Another more practical benefit of comments is the possibility to comment out statements. This allows us to deactivate statements without deleting them. Reactivation is just a matter of deleting the comment indicator. That's a very common and useful practice during the testing/debugging of scripts.
The comment indicator in Praat scripts is the hash (#) symbol. Lines starting with the hash symbol are not executed when you run the script, they are just ignored and execution is continued in the next line. To function like this, the hash symbol must be the first symbol in that line. Leading whitespace (space/tab) in front of the hash symbol is allowed, but nothing else.
# I'am a valid comment
Play
# I'am another valid comment
# Yet another valid comment with some whitespace in front of it
Play # Error! Hash symbol must be first in line!

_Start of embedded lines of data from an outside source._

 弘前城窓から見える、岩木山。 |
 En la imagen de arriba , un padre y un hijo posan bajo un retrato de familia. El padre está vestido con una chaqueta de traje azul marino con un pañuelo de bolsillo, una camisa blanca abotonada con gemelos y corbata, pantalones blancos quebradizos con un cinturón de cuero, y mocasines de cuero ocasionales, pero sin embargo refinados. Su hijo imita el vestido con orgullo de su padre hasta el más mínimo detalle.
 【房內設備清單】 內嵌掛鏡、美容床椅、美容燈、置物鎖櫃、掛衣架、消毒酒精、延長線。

The following script creates a tone, replays it, and opens it in a sound editor:
Create Sound as pure tone "tone", 1, 0, 0.4, 44100, 440, 0.2, 0.01, 0.01
Play
Edit
To temporarily deactivate the Play
statement just put a hash (#) in front of the statement:
Create Sound as pure tone "tone", 1, 0, 0.4, 44100, 440, 0.2, 0.01, 0.01
#Play
Edit
Now the tone is opened immediately after creation. Delete the hash to listen to the tone again.
Readability of scripts
Comments are a great tool to improve readability of scripts (for humans). Another great tool complementing comments to achieve better readability is whitespace. Whitespace is applied in order to visually reflect the structure of scripts. Praat allows generous usage of whitespace: We can insert empty lines everywhere we want and we can indent lines with spaces or tabs whenever we want. I recommend you commit yourself to two rules right at the beginning of your scripting career to make your scripts better (not only look better):
- Separate code blocks (sequences of statements dedicated to the same subtask) with empty lines (and consider introducing them with a comment)

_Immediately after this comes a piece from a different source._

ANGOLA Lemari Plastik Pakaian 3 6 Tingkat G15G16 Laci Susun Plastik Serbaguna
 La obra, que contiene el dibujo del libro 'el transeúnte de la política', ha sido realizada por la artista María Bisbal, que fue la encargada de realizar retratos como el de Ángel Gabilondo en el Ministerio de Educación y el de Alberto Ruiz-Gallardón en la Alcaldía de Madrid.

- Indent lines within loops, conditionals, and similar blocks (forms, procedures etc.)
We'll come back to this issue as soon as our scripts grow and include loops and other fancy stuff.
Recap
One complete statement per line! Statements often consist of a command and its arguments (as you'll see later, there are some other types of statements). Arguments are separated by commas and have a fixed order. String arguments must be enclosed in double quotes, numeric arguments must not. It is good practice to insert complex GUI commands (i.e. GUI commands with many arguments) with the help of command history.
Don't be afraid of error messages! They are common, frequent, and helpful—at least the line number.
Comments and whitespace help you and others to read and understand your scripts.